I was wondering and maybe one of you knows the answer. 

With the Dogtra you can dial up and down the stim while you are in stim, without there being a break in stim. Is this able to be done with the Einstein collars?


----------



## Connie Sutherland (Mar 27, 2006)

Chad, I'm changing the topic name a little from "Dogtra vs Einstein E-collars" because it's so similar to several past threads and one present threads and it may be overlooked because of that.

I'll happily change it back if you still get no input (or if you just want me to).


----------



## Geoff Empey (Jan 8, 2008)

Chad Spicer said:


> With the Dogtra you can dial up and down the stim while you are in stim, without there being a break in stim. Is this able to be done with the Einstein collars?


Yes, as long as the collar is set on continuous and unlocked.


----------



## Chad Spicer (Nov 20, 2013)

Connie, I appreciate the change. It was late and I was half lucid when I posted. 
Much better topic name. 
Thanks. 

Sent from Petguide.com Free App


----------



## Chad Spicer (Nov 20, 2013)

Geoff Empey said:


> Yes, as long as the collar is set on continuous and unlocked.


Excellent. Thank you. I've been wondering if this could be done with the Einstein collar. 
I like what Einstein seems to offer and have been giving some thought to getting one. That was one thing I really had yet to figure out if it did. Now if I can just convince myself that the big ol round remote isn't so bad and I would get use to it, I'll be good to go.


----------



## Nancy Jocoy (Apr 19, 2006)

You know it *does* say 60 day money back guarantee free shipping both ways; that may be the best way to tell.


----------



## Chad Spicer (Nov 20, 2013)

Oh I am an obsessive consumer. I buy nothing till I've thought and thought about it from every angle and weighed the pros and cons in relation to the value. As the price goes up, the stewing increases. There are things I have waited so long to buy that once finally ready to go for it the new model is out and the process starts all over. But your right, that's a nice failsafe plan. 

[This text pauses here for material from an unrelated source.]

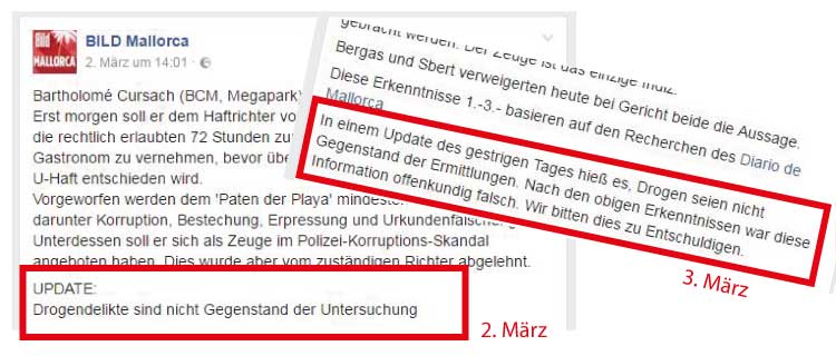 Am 2. März erschien auf der facebook Seite des Reporters ein wichtiges „UPDATE“, wonach es bei Cursach auf keinen Fall um Drogen gehen würde. Dies geschah mit dem Hintergrund, dass malleBZ den BCM Vergleich mit „Big Cocaine Mafia“ veröffentlichte. Doch der Bild Reporter schritt sofort zur Tat, griff zum berühmten Telefonbuch, rief im Megapark an, glaubte die Lügen und breitete sofort den Schutzschild über der befreundeten Firma aus. Nach nur ca. 24 Stunden musste der seriöse Reporter aber ganz kleinlaut seine bewusste Falschmeldung zu Gunsten der Grupo Cursach eingestehen, denn bei den Ermittlungen ging es sehr wohl um Drogen.

Sent from Petguide.com Free App


----------



## Mike Lamoreaux (Feb 19, 2013)

I got the Einstein E-collar wondering about the remote myself. After I have handle it for a while I have found it is really easy not to hit the wrong stim like I have done with others. The only thing you have to worry about it making sure you are in the right program before you start.


----------



## Jennifer Coulter (Sep 18, 2007)

I have found I can not reliably do that with my Einstein. The dial is WAY too sensitive to turn up and down with any measure of control. 

Then I was helping someone else train their dog who had the same Einstein model, and their dial is way less sensitive, and is really smooth and controlable to dial up and down when it is not locked.

So I am thinking that mine might just be defective??? Been meaning to send it to have it checked, but there is never a good time.

I like the product otherwise.


----------